Research Funding and Programmes

Programmes include responsive mode grants, strategic investments, doctoral training partnerships, and large interdisciplinary centres. Doctoral training is administered through partnerships with consortia at University of Leeds, University of Glasgow, University of Warwick, University of Bristol, and Queen Mary University of London. Strategic investments have funded centres focused on topics such as Artificial intelligence ethics in collaboration with Alan Turing Institute, longitudinal population studies linked to the UK Data Service, and policy-facing projects commissioned by Cabinet Office units and the Devolved administrations in Scotland, Wales, and Northern Ireland. The council has collaborated with international funders including the European Research Council, National Science Foundation (United States), German Research Foundation, and Canada Research Chairs.

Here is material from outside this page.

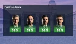 Zoran Milanović političar je o kojemu najveći broj građana ima pozitivan dojam, točnije njih 57 posto. Slijedi ga ministar obrane Ivan Anušić s 42 posto. Na listi se ovaj mjesec nalaze i dva nova imena, SDP-ova europarlamentarka Biljana Borzan, koja je odmah završila na visokom trećem mjestu po pozitivnom dojmu s 40 posto te ministra branitelja Tomu Medveda koji je na četvrtom mjestu s 39 posto. Našao se ispred stranačkog šefa Andreja Plenkovića koji je na petom mjestu s 38 posto. Tu su još Tomislav Tomašević s 37 posto, Nikola Grmoja s 36 i Božo Petrov s 35 posto, šef Sabora Gordan Jandroković s 34 posto, a deseto mjesto dijele Oleg Butković i Ivana Kekin s 32 posto pozitivnog dojma.

Key Research Areas and Impact

Key areas encompass labour market dynamics studied alongside Office for National Statistics data, population ageing connected to work by the Institute for Fiscal Studies, poverty and inequality research linked to Joseph Rowntree Foundation analyses, migration patterns intersecting with studies by Refugee Council, and crime and justice inquiries resonant with reports from the Crown Prosecution Service. Impact pathways have influenced legislation debated in the House of Commons, policy advisories for the Department of Health and Social Care, planning guidance at Ministry of Housing, Communities and Local Government, and public inquiries such as those following events similar to the Grenfell Tower fire. Methodological contributions include improvements to survey infrastructure used by the European Social Survey and administrative data linkages promoted with the Office for National Statistics and NHS Digital.

Partnerships and Collaborations

It co-funds initiatives with the Arts and Humanities Research Council, Medical Research Council, Engineering and Physical Sciences Research Council, and international partners including the World Bank, Organisation for Economic Co-operation and Development, UNICEF, and World Health Organization. Academic collaborations extend to networks centered at Centre for Economic Policy Research, Institute of Development Studies, Overseas Development Institute, and the Global Challenges Research Fund consortia. Private-public engagements have involved think tanks such as Institute for Government and commercial data partnerships with firms comparable to Google and Amazon Web Services for infrastructure, governed by data-sharing agreements modeled on precedents from the Administrative Data Research UK programme.

Criticisms and Controversies

Critiques have concerned perceived prioritization of applied policy research over theoretical inquiry voiced by members of the Academy of Social Sciences and some university departments, debates over block grants raised by the University and College Union, and controversies around transparency in peer review highlighted by commentators in Times Higher Education and The Guardian. Funding cuts and reallocations during austerity measures prompted parliamentary debates implicating the Treasury and reviews by the National Audit Office. Data-sharing arrangements have sparked privacy debates involving civil society groups like Big Brother Watch and legal scrutiny aligned with rulings under the Data Protection Act 2018.

Notable Projects and Outputs

Notable outputs include support for the Understanding Society longitudinal study, contributions to the British Election Study, longitudinal cohorts such as the 1970 British Cohort Study and Millennium Cohort Study, and investment in centres producing high-profile reports cited by the House of Lords Select Committee on Economic Affairs. It has underpinned influential monographs and articles published by scholars at Princeton University, Oxford University Press, Cambridge University Press, and journals including Nature Human Behaviour, The Lancet Public Health, American Economic Review, and British Journal of Sociology.